Controlling AI crawlers with robots.txt
robots.txt is now the main lever for telling AI companies whether they can use your content. The major AI crawlers publish named user-agents and say they honor robots.txt, so you can allow or block each one. Here are the ones worth knowing, taken from each company’s own documentation:
| User-agent | Company | What it is for |
|---|---|---|
| GPTBot | OpenAI | Training data for its models |
| OAI-SearchBot | OpenAI | ChatGPT search results |
| ChatGPT-User | OpenAI | User-triggered fetches in ChatGPT |
| ClaudeBot | Anthropic | Training data for Claude |
| Claude-User | Anthropic | User-triggered fetches in Claude |
| Claude-SearchBot | Anthropic | Claude search indexing |
| Google-Extended | Gemini and Vertex AI training |
To opt out of AI training while staying visible everywhere else, block the training crawlers and leave the search ones alone:
User-agent: GPTBot
Disallow: /
User-agent: ClaudeBot
Disallow: /
User-agent: Google-Extended
Disallow: /
Two things to keep straight. Google-Extended is separate from Googlebot: blocking it opts you out of Gemini training but has zero effect on your normal Google Search rankings or inclusion, which Google states directly in its crawler documentation. And blocking the search-oriented bots (OAI-SearchBot, Claude-SearchBot) is the move that can pull you out of AI answers, which for most sites is the wrong call. If your goal is the opposite, getting mentioned by these tools, see our guide on getting cited by LLMs and consider adding an llms.txt file alongside your robots.txt.
This is a values call as much as an SEO one. There is no single right answer, and the list of AI crawlers keeps growing. The community-maintained ai.robots.txt project tracks the current set, including others like PerplexityBot and CCBot, if you want a fuller block list.

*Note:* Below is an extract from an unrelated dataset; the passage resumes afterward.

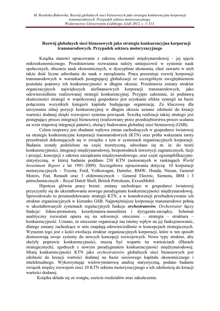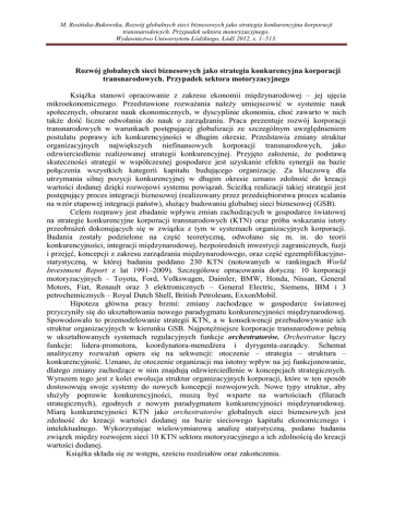 M. Rosińska-Bukowska, Rozwój globalnych sieci biznesowych jako strategia konkurencyjna korporacji transnarodowych. Przypadek sektora motoryzacyjnego, Wydawnictwo Uniwersytetu Łódzkiego, Łódź 2012, s. 1–513. Rozwój globalnych sieci biznesowych jako strategia konkurencyjna korporacji transnarodowych. Przypadek sektora motoryzacyjnego Książka stanowi opracowanie z zakresu ekonomii międzynarodowej – jej ujęcia mikroekonomicznego. Przedstawione rozważania należy umiejscowić w systemie nauk społecznych, obszarze nauk ekonomicznych, w dyscyplinie ekonomia, choć zawarto w nich także dość liczne odwołania do nauk o zarządzaniu. Praca prezentuje rozwój korporacji transnarodowych w warunkach postępującej globalizacji ze szczególnym uwzględnieniem postulatu poprawy ich konkurencyjności w długim okresie. Przedstawia zmiany struktur organizacyjnych największych niefinansowych korporacji transnarodowych, jako odzwierciedlenie realizowanej strategii konkurencyjnej. Przyjęto założenie, że podstawą skuteczności strategii w współczesnej gospodarce jest uzyskanie efektu synergii na bazie połączenia wszystkich kategorii kapitału budującego organizację. Za kluczową dla utrzymania silnej pozycji konkurencyjnej w długim okresie uznano zdolność do kreacji wartości dodanej dzięki rozwojowi systemu powiązań. Ścieżką realizacji takiej strategii jest postępujący proces integracji biznesowej (realizowany przez przedsiębiorstwa proces scalania na wzór etapowej integracji państw), służący budowaniu globalnej sieci biznesowej (GSB). Celem rozprawy jest zbadanie wpływu zmian zachodzących w gospodarce światowej na strategie konkurencyjne korporacji transnarodowych (KTN) oraz próba wskazania istoty przeobrażeń dokonujących się w związku z tym w systemach organizacyjnych korporacji. Badania zostały podzielone na część teoretyczną, odwołano się m. in. do teorii konkurencyjności, integracji międzynarodowej, bezpośrednich inwestycji zagranicznych, fuzji i przejęć, koncepcji z zakresu zarządzania międzynarodowego, oraz część egzemplifikacyjnostatystyczną, w której badaniu poddano 230 KTN (notowanych w rankingach World Investment Report z lat 1991–2009). Szczegółowe opracowania dotyczą: 10 korporacji motoryzacyjnych – Toyota, Ford, Volkswagen, Daimler, BMW, Honda, Nissan, General Motors, Fiat, Renault oraz 3 elektronicznych – General Electric, Siemens, IBM i 3 petrochemicznych – Royal Dutch Shell, British Petroleum, ExxonMobil. Hipoteza główna pracy brzmi: zmiany zachodzące w gospodarce światowej przyczyniły się do ukształtowania nowego paradygmatu konkurencyjności międzynarodowej. Spowodowało to przemodelowanie strategii KTN, a w konsekwencji przebudowywanie ich struktur organizacyjnych w kierunku GSB. Najpotężniejsze korporacje transnarodowe pełnią w ukształtowanych systemach regulacyjnych funkcje orchestratorów. Orchestrator łączy funkcje: lidera-promotora, koordynatora-menedżera i dyrygenta-zarządcy. Schemat analityczny rozważań opiera się na sekwencji: otoczenie – strategia – struktura – konkurencyjność. Uznano, że otoczenie organizacji ma istotny wpływ na jej funkcjonowanie, dlatego zmiany zachodzące w nim znajdują odzwierciedlenie w koncepcjach strategicznych. Wyrazem tego jest z kolei ewolucja struktur organizacyjnych korporacji, które w ten sposób dostosowują swoje systemy do nowych koncepcji rozwojowych. Nowe typy struktur, aby służyły poprawie konkurencyjności, muszą być wsparte na wartościach (filarach strategicznych), zgodnych z nowym paradygmatem konkurencyjności międzynarodowej. Miarą konkurencyjności KTN jako orchestratorów globalnych sieci biznesowych jest zdolność do kreacji wartości dodanej na bazie sieciowego kapitału ekonomicznego i intelektualnego. Wykorzystując wielowymiarową analizę statystyczną, podano badaniu związek między rozwojem sieci 10 KTN sektora motoryzacyjnego a ich zdolnością do kreacji wartości dodanej. Książka składa się ze wstępu, sześciu rozdziałów oraz zakończenia. M. Rosińska-Bukowska, Rozwój globalnych sieci biznesowych jako strategia konkurencyjna korporacji transnarodowych. Przypadek sektora motoryzacyjnego, Wydawnictwo Uniwersytetu Łódzkiego, Łódź 2012, s. 1–513. Celem rozdziału I jest próba wykazania, że postępująca globalizacja ma zasadnicze znaczenie dla kierunków zmian w KTN. Tworzy sprzyjający klimat dla rozwoju podmiotom otwartym na zacieśnianie współpracy w skali globalnej. Korporacje realizują swoje strategie ekspansji, angażując się w różnego typu formy integracyjne: budują globalne łańcuchy produkcyjne, dokonują inwestycji bezpośrednich (BIZ), a także kolejnych fuzji i przejęć (M&As). Zaakcentowano, że cechą charakterystyczną obecnego etapu – globalizacji korporacyjnej jest konkurowanie między systemami korporacyjnymi (koalicjami), a nie pojedynczymi podmiotami. Celem rozdziału II jest próba wykazania, że czynnikiem decydującym o konkurencyjności w długim okresie jest założona strategia rozwoju, a jej widocznym na zewnątrz obrazem jest sposób kształtowania struktur organizacyjnych. Realizacja zaawansowanych strategii konkurencyjnych powoduje, że modele organizacyjne korporacji stają się coraz bardziej złożone. Konsekwencją dla badań nad konkurencyjnością jest interdyscyplinarność współczesnej teorii przedsiębiorstwa, która uzasadnia zbudowanie nowego paradygmatu konkurencyjności międzynarodowej. Celem rozdziału III jest próba wykazania, że globalizacja, zmieniając charakter konkurencji, dokonała redefinicji znaczenia poszczególnych kategorii kapitału organizacji, co spowodowało przekształcanie korporacji transnarodowych w organizacje sieciowe. Sieci stanowią strukturę regulacyjną, umiejscowioną między rynkiem a hierarchią. Najwyższą formą organizacyjną, odpowiadającą na wyzwania gospodarki opartej na wiedzy, są G

Common WordPress robots.txt mistakes
- Leaving Disallow: / live after launch. If your staging site blocked everything, double-check the production file the day you go live.
- Blocking CSS and JavaScript, which stops Google from rendering your pages correctly.
- Using robots.txt to hide private or sensitive URLs. Anyone can read your robots.txt, so you are publishing a map of what you want hidden.
- Forgetting the Sitemap line, which is one of the easiest ways to help crawlers find everything.
- Expecting robots.txt to remove a page from Google. That needs noindex, as covered above.
Frequently asked questions
Where is the robots.txt file in WordPress?
It is served at yoursite.com/robots.txt. By default WordPress generates it virtually, so there is no physical file in your folders unless you or a plugin created one. Edit it through your SEO plugin or by uploading a real robots.txt to your site root.
Does editing robots.txt affect my Google rankings?
Only if you block something important. Used correctly it has no negative effect and helps crawlers spend their time on the right pages. The danger is blocking pages, CSS, or your whole site by accident, which can drop you from search.
Should I block AI crawlers in robots.txt?
It depends on your goal. Block training crawlers like GPTBot and ClaudeBot if you do not want your content used to train models. Keep the search crawlers allowed if you want to appear in AI search answers. Blocking Google-Extended does not affect your normal Google rankings.
The short version
WordPress already serves a virtual robots.txt at yoursite.com/robots.txt, and the default is fine for most sites. Edit it through your SEO plugin rather than wrestling with files, always include your sitemap, and never block CSS, your uploads folder, or the whole site. Remember that robots.txt controls crawling, not indexing, so use a noindex tag when you actually want a page gone. And if AI matters to you, robots.txt is where you decide which crawlers like GPTBot, ClaudeBot, and Google-Extended get access, with the search-oriented bots being the ones you usually want to leave alone.